For the rest of the afternoon Hardy continued to hammer the same point through the other lab witnesses.
“You’re a fingerprint expert, right? Did you find fingerprints inside Mr. Preslee’s home?”
“Yes. Lots of them.”
“Were any of those Maya Townshend’s fingerprints?”
“No.”
“In fact, there are several fingerprints that belong to people whom you’ve never identified, isn’t that right?”
“Yes.”
“Fingerprints at the table where the victim was seated?”
“Yes.”
“Fingerprints at the sink where the cleaver was allegedly washed?”
“Yes.”
“Fingerprints on the interior door handle of the apartment?”
“Yes.”
“And none of these are Maya’s, and some of them are unidentified, right?”
“Correct.”
Hardy did the same with the DNA-some recovered, some unidentified, none belonging to Maya. When he was finally done with his last cross-examination at quarter to five, Hardy took a long beat and threw a look at Stier, wilting at his own table. The prosecutor had taken a beating today on the Preslee evidence, and he knew it.
But next up, he would be talking about motive. And motive evidence, Hardy knew, was going to be brutal.

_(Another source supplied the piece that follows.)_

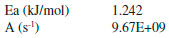 Using the linear equation obtained from the plot, the values of activation energy and frequency factor may be seen below: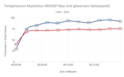 Wie zu erwarten sind die Temperaturen mit Glasfenster höher als mit gelochtem Seitenpanel. Die Unterschiede sind jedoch mit zehn Grad Celsius nur bei der Grafikkarte gross. Bei der CPU beträgt die Differenz nur wenige Grad Celsius oder ist gar nicht vorhanden. Die CPU drosselt jedoch bei der Konfiguration mit Glaspanel, um 200 MHz. Das liegt daran, dass sie an ihr thermisches Limit gerät. Sie wird also zu heiss. Deshalb schwankt die Temperatur gegen Ende des Tests. Bei der Konfiguration mit gelochtem Seitenpanel, kann die CPU den Takt jedoch halten.

The apartment dooropened and Wyatt Hunt stood looking at his young associate. “What is this bullshit, Craig?”
“What bullshit?”
“ ‘What bullshit?’ he asks. Calling in sick when you look about as sick as I do, except for a little red around the eyes. Are you stoned?”
“Slightly.”
“And what do you hope to accomplish by that?”
“Nothing. I’m not trying to accomplish anything. Except figure out how I’m going to get back with Tam.”
“You think better when you’re loaded?”